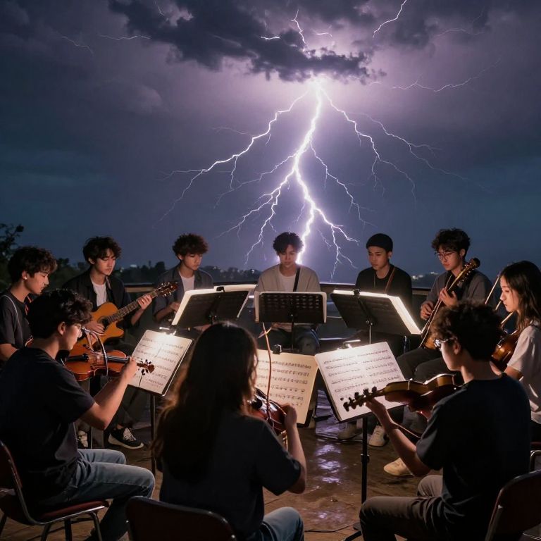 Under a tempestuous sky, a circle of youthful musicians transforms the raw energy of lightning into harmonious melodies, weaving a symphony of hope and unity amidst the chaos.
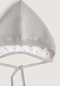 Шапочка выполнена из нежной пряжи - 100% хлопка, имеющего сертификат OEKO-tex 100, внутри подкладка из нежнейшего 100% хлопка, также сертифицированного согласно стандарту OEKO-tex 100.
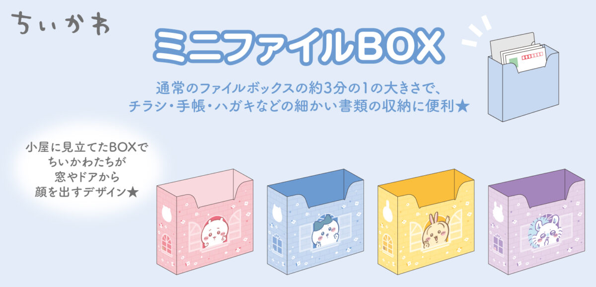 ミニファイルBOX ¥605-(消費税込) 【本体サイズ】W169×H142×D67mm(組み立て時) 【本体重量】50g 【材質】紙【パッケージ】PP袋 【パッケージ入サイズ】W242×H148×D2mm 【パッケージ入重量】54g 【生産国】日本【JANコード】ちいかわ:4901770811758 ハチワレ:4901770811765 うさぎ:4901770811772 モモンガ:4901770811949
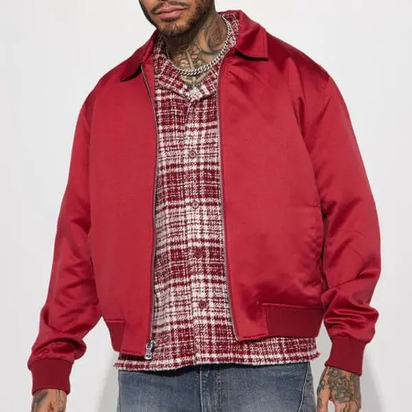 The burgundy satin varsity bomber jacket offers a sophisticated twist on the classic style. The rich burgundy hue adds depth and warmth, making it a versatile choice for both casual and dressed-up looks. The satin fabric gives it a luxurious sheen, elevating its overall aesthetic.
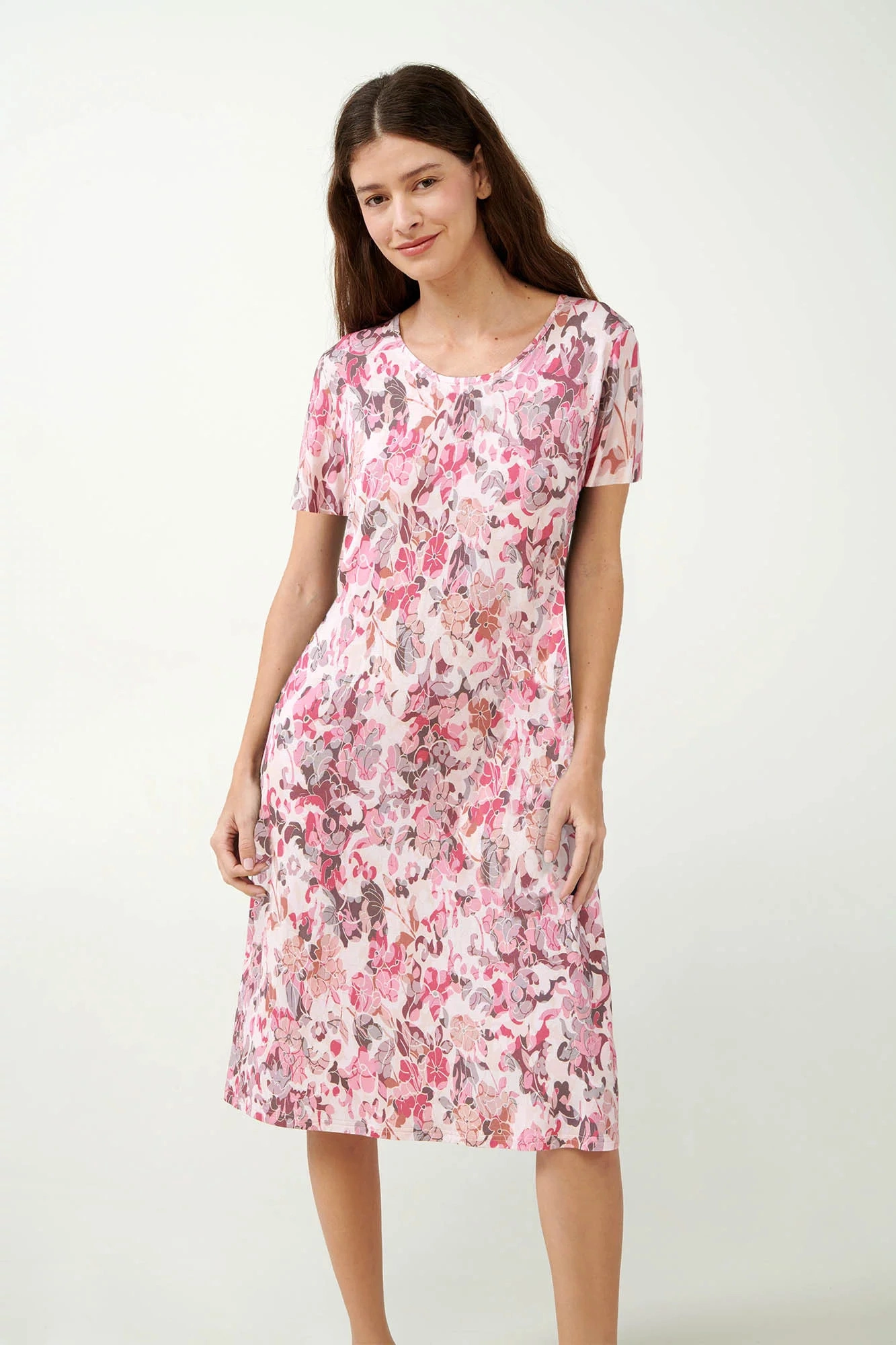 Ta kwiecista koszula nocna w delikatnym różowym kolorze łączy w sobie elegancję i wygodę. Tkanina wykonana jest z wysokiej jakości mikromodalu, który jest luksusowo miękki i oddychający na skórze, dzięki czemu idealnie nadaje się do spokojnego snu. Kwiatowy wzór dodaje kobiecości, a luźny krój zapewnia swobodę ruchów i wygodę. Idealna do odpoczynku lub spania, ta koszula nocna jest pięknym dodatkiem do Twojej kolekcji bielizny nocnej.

--------------------------------

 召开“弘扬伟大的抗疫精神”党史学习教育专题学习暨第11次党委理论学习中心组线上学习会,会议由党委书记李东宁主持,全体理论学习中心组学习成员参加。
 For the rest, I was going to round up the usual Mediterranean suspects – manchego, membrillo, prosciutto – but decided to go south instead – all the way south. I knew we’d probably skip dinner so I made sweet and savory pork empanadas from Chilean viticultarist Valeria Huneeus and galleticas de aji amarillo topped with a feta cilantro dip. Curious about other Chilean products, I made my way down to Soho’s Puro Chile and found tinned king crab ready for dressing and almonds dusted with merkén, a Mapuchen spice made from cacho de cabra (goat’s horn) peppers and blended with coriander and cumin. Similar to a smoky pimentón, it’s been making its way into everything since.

--------------------------------

* _TASK DETAILS_
Print from the line containing "Under a tempestuous" through the line containing "Шапочка выполнена из" in the data above, exactly as the lines stand, and omit every picture.

* _RESULT BELOW_
 Under a tempestuous sky, a circle of youthful musicians transforms the raw energy of lightning into harmonious melodies, weaving a symphony of hope and unity amidst the chaos.
 Шапочка выполнена из нежной пряжи - 100% хлопка, имеющего сертификат OEKO-tex 100, внутри подкладка из нежнейшего 100% хлопка, также сертифицированного согласно стандарту OEKO-tex 100.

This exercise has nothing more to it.